Breaking index into small indices with duplicates items across indices

I am facing a problem that look pretty popular from what I saw on the forum, but always different from mine.

I currently have one big index (actually one big alias split into several ILM indices) which contain data available for all my clients. The fact is some clients may specifically be interested in some items, and I'd like to let those clients (1) retrieve them and (2) make queries only on those items. Currently no item is tagged as "interesting for client X", this is what I want to achieve, and to do so I thought about two approaches.

The first one is to create one index per client and insert into it every document that is potentially interesting for this client. Some items are interesting for many clients, therefore will be duplicated in many of those indices. When a client wants to perform a search on his items of interests I will query his specific index.
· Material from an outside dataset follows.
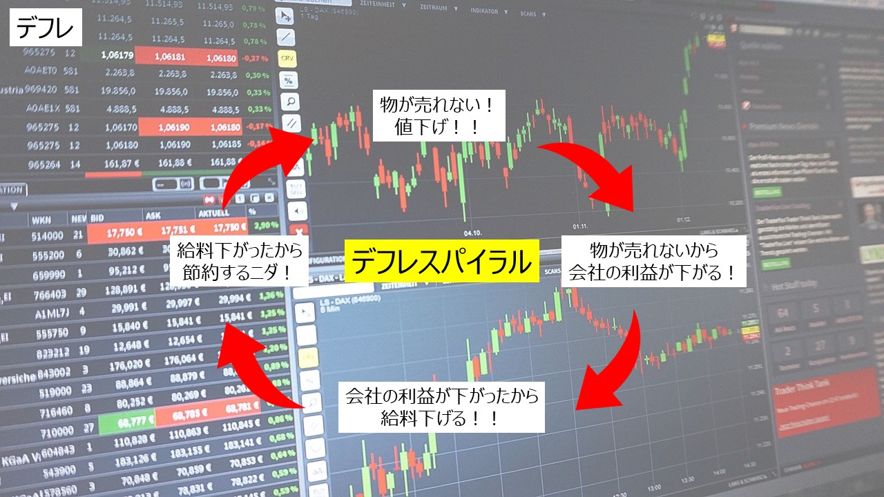 アメリカとかだと年間2~5%インフレし続け経済成長しています。適度なインフレは需要を喚起する傾向にあるのです。なぜインフレが需要を喚起するかわかりますか?【インフレになる=物価が高くなる】だったら物価が高くなっていくんだったら需要はなくなるんじゃないの?と感じると思います。実は逆なんです。購入したいものが、ある日を境に値段が上がるとなったら値上がり前に購入しますよね。逆にデフレの場合は待てば待つほど物価が安くなるという事です。ということは購入は後回しになります。そうなると『物が売れなくなる→会社の利益が下がる→給料が下がる→消費者が節約志向になる→物が売れなくなる』の繰り返しでデフレスパイラルに陥りもっと不景気になっていきます。
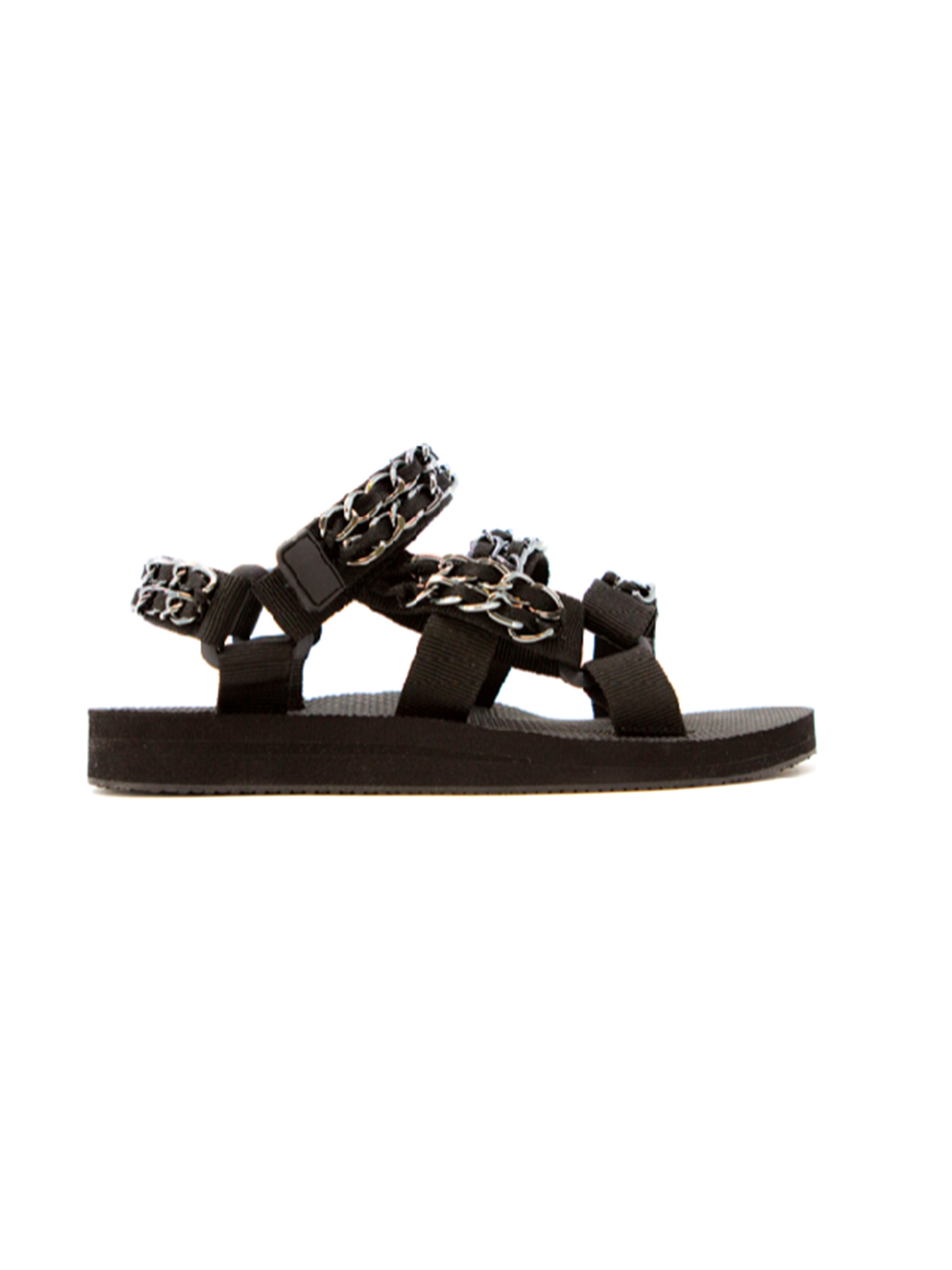 设计师品牌ArizonaLove女士休闲特雷基徒步链条平底凉鞋银色

This approach satisfy me because, as the index will be relatively small, the query will run much faster than in the big index, but I'm hesitating because of the duplicated data, and the overhead so many indices could generate.

The second approach is to add a field in every item that contain the ids of the clients that could potentially be interested in that item (this field contain a list of ids), and then when a client wants to perform a search on his items of interest, I will only append a filter on this field to the query. This approach sounds good to me because no duplication of the item and no creation of a lot of indices is made. But I don't know how fast this will be in comparison with the first approach.

I assume the number of items interesting for many organizations is not negligible. Both of the approaches allow user to keep querying the global data (items that are not potentially interesting), which is one of the constraints I have.

As I'm not myself an elasticsearch expert, I don't know what are the consequences of both solutions. I'd be glad to hear what you think are the good and the bad points of each approach, as well as other interesting approaches.

Both have benefits and costs, and at the end of the day they will likely be about the same. TLDR use whichever you think will work the best and you can implement and maintain.

Can you explain me more in details what are the benefits and costs of each approach ? I'm particularly scared of the impact on the scaling possibilities

One index per client means

  • you duplicate data
  • but it's easier to manage permissions
  • you may end up with heaps of shards which can lead to cluster inefficiencies. ILM can help there though

Array of client ids in document means

  • one set of indices which is easier to manage
  • you can end up with some pretty serious arrays, and updating those will be very hard
  • filters are efficient so queries shouldn't be slowed

Personally I would go for the index per client

I dont intend to update the items, they are inserted once with the array of interested companies (don't know what length it will be) and then this array will not be modified.

Can you tell me more about heaps of shards ?

This topic was automatically closed 28 days after the last reply. New replies are no longer allowed.